I see within the very insightful Accenture management advice opportunities for HRO contributions. For example, to climb the cycle of business success based on a winning idea, you need to reach a threshold of capabilities and competence and to attract and keep top talent in critical areas to maximize growth without collapse. As the cycle of achieving business success begins to end, new talent problems can arise as turnover increases due to fewer advancement opportunities and talent poaching. As a new cycle starts, a change may be needed in leadership and business competencies at the executive and other levels.
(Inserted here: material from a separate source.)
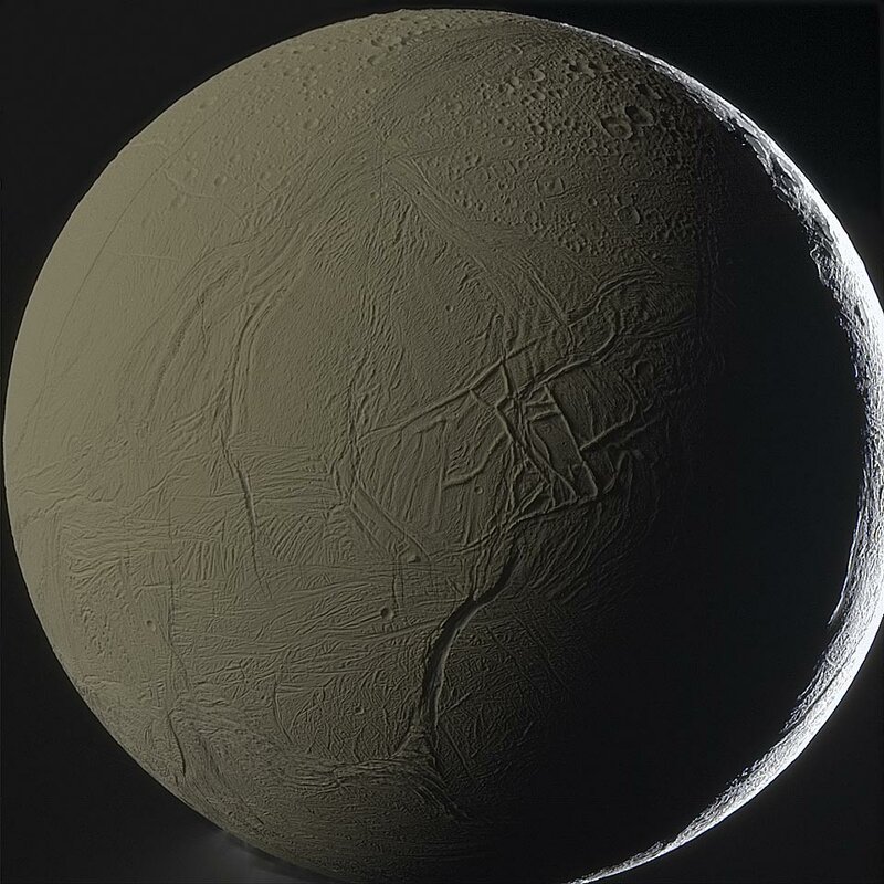 Image: Enceladus by Saturnshine; Image Credit: NASA; ESA, JPL, Cassini Imaging Team, SSI; Color Composite: Gordan Ugarkovic

Talent needs to be continually monitored, nurtured, and refreshed – all appropriate to the current and next cycle of the enterprise and what is happening in the broader market and economy.

Layering talent management services (e.g., recruiting, staffing, performance management, succession and career planning, and workforce planning) on top of a capable HR system for employee data management that’s supported by HR analytics can go a long way in helping clients see where they are now, identify gaps and emerging issues, and use HRO services and support to achieve a truly high performance-based business transformation.

Linda Merritt, Research Director, HRO, NelsonHall

Employee Engagement: Outsourcing Providers Get It

March 3, 2011

I finally listened to my first two Bill Kutik radio shows and I’m glad I did (replays are available online).  Two weeks ago, Bill interviewed Mary Sue Rogers, General Manager of Global HR, Learning and Recruiting for IBM, who shared her perspectives on HRO.

More recently, Bill interviewed Rudy Karsan, CEO of Kenexa, for his views on balancing work and life and the nature of how jobs are changing with insights from his recently co-authored book titled “We: How to Increase Performance and Profits through Full Engagement.”  Research findings cited from global employee surveys and company case studies revealed three essential elements that keep employees engaged and productive: pay, purpose and passion.  During the interview with Bill, Rudy noted a January 2010 study which indicated that 45% of employees were disengaged.  That figure is now a staggering 84% (Ouch!).  Just think of the productivity that would occur if companies could make that 84% engaged.

To measure employee engagement, Rudy states that companies must first measure employee engagement though employee surveys.  Once those results are compiled and analyzed, conversations on how to improve need to occur with employees.  Having managed employee programs including employee satisfaction for a global telecom for a few years in my prior life, I can attest to all the amazing things that happen when employees become engaged!

Another important element in employee engagement is to analyze employee actions and anticipate trends before they become major problems.  In her discussion with Bill, Mary Sue emphasized the wealth of workforce information that is already inherent in HR data warehouses and systems.  An experienced HRO vendor can help connect the systems, provide the HR analytic tools, and even assist in building an engaged employee base, which is critical for success in an ever-changing global business environment.

An example of another HRO provider walking the talk is HCL.  Vice Chairman and CEO Vineet Nayar penned his management philosophy in his 2010 book titled “Employees First, Customers Second,” which says it all.

So, why aren’t more companies actively trying to ascertain employee satisfaction?  I could write my own mini novel on all of the excuses organizations give, but rather I’ll simply say just do it.  If you have the resources and the commitment, employee engagement can be managed internally.  But, if you don’t have the bandwidth, talent management providers such as Kenexa and OchreHouse have the capability to help.  In either case, companies must be committed to the process, from senior leaders down to first line supervisors.  If you don’t have the commitment to doing anything with the results, then my advice is don’t bother measuring to begin with as you risk disengaging employees more.  As an organizational leader, which side of the 84% do you want to be on?